2015-04-23 Thread Thomas Douillard
Don't use Q19798647 The item is just a description of the concept ! on
Wikidata, there is a way to set an unknow value to a claim.

here is how to set this special value on a claim in the UI, in french : to
https://commons.wikimedia.org/wiki/File:Wikidata_pas_de_valeur.png

You must click to the little blue icon on the left of the label.

2015-04-23 11:46 GMT+02:00 Jane Darnell jane...@gmail.com:

 So the intention is to use Q19798647 as a random place holder specifically
 for Wikibase entities without a value, but not as a no value placeholder
 for a person?

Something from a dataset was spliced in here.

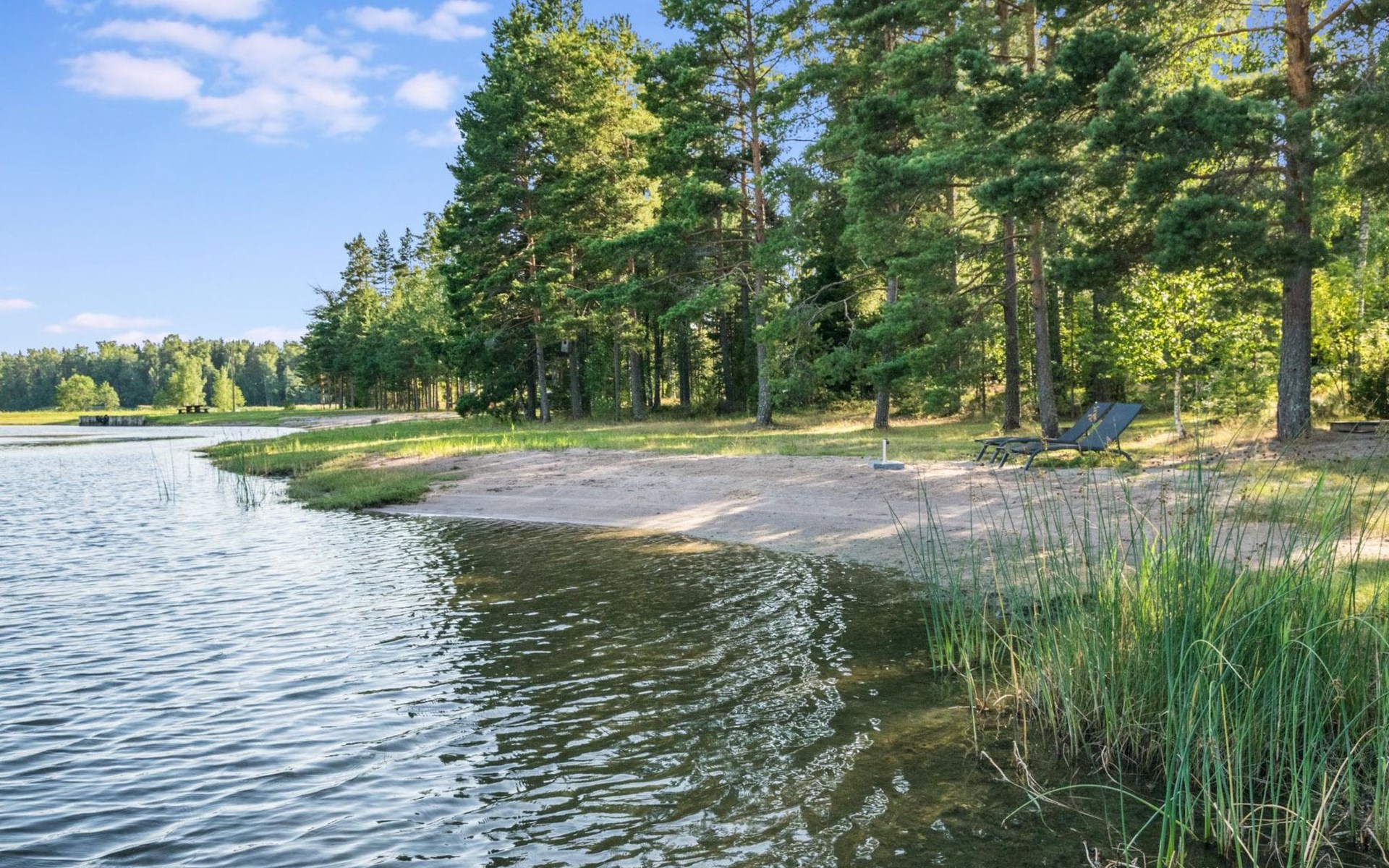 86 km to the east from Helsinki, Gulf of Finland 40 m, shallow, sheltered sand beach, pier and rowing boat.

I think it is useful in the way you describe it, but I am
 curious how you would model the source B saying that X had no child

 On Thu, Apr 23, 2015 at 11:37 AM, Lydia Pintscher 
 lydia.pintsc...@wikimedia.de wrote:

 On Thu, Apr 23, 2015 at 11:33 AM, Gerard Meijssen
 gerard.meijs...@gmail.com wrote:
  Hoi,
  Sorry for being dense.. What is wrong with there being no value ?
 Having a
  no value is imho understanding only a complication of saying
 nothing...
  Why not say nothing in the first place ?

 It is important for cases like the following for example: Source A
 says X had a child and source B says X had no child.